→ TASK OBJECTIVE: Copy out the data word for word. The images are not part of the copy.

[Dataset excerpts]
§
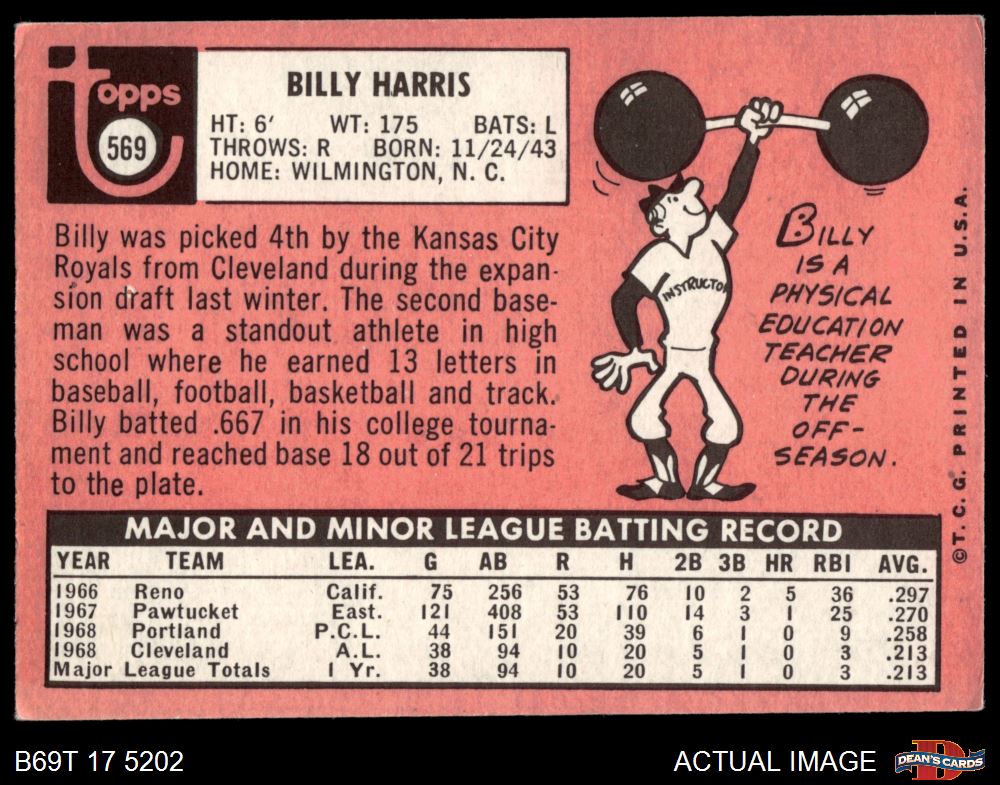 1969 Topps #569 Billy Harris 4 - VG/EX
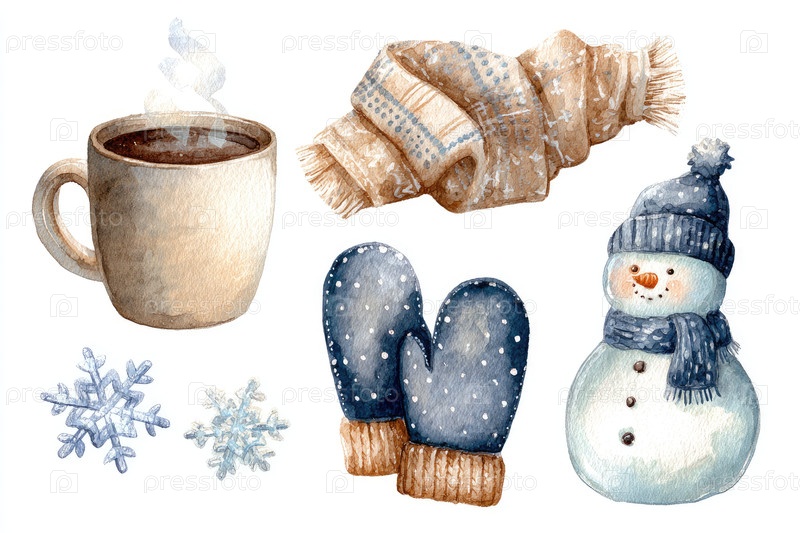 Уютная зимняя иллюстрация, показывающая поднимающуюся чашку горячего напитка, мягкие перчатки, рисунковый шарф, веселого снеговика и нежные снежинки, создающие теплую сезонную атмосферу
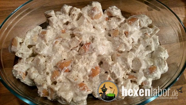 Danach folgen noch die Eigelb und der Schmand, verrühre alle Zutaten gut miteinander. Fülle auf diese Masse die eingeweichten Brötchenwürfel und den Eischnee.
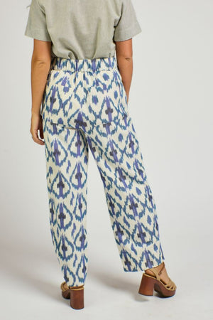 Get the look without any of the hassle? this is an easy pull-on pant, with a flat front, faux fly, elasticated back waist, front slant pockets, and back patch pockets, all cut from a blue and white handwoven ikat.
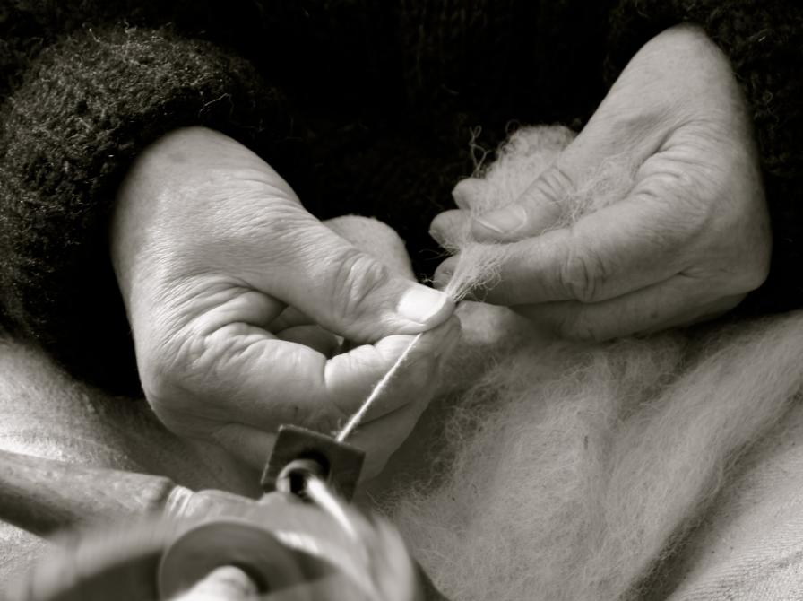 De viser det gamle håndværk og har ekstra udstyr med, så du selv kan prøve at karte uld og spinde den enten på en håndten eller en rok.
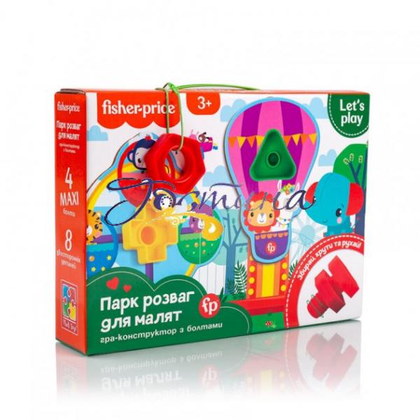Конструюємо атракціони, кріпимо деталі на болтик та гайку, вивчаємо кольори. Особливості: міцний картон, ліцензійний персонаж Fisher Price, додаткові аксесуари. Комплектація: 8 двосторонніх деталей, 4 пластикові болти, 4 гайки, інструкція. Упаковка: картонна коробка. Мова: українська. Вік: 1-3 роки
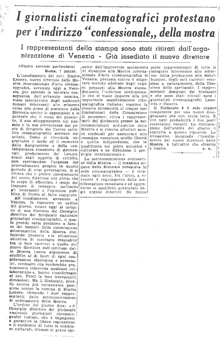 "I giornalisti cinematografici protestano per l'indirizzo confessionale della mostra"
§
→ ANSWER BOX:
 1969 Topps #569 Billy Harris 4 - VG/EX
 Уютная зимняя иллюстрация, показывающая поднимающуюся чашку горячего напитка, мягкие перчатки, рисунковый шарф, веселого снеговика и нежные снежинки, создающие теплую сезонную атмосферу
 Danach folgen noch die Eigelb und der Schmand, verrühre alle Zutaten gut miteinander. Fülle auf diese Masse die eingeweichten Brötchenwürfel und den Eischnee.
 Get the look without any of the hassle? this is an easy pull-on pant, with a flat front, faux fly, elasticated back waist, front slant pockets, and back patch pockets, all cut from a blue and white handwoven ikat.
 De viser det gamle håndværk og har ekstra udstyr med, så du selv kan prøve at karte uld og spinde den enten på en håndten eller en rok.
Конструюємо атракціони, кріпимо деталі на болтик та гайку, вивчаємо кольори. Особливості: міцний картон, ліцензійний персонаж Fisher Price, додаткові аксесуари. Комплектація: 8 двосторонніх деталей, 4 пластикові болти, 4 гайки, інструкція. Упаковка: картонна коробка. Мова: українська. Вік: 1-3 роки
 "I giornalisti cinematografici protestano per l'indirizzo confessionale della mostra"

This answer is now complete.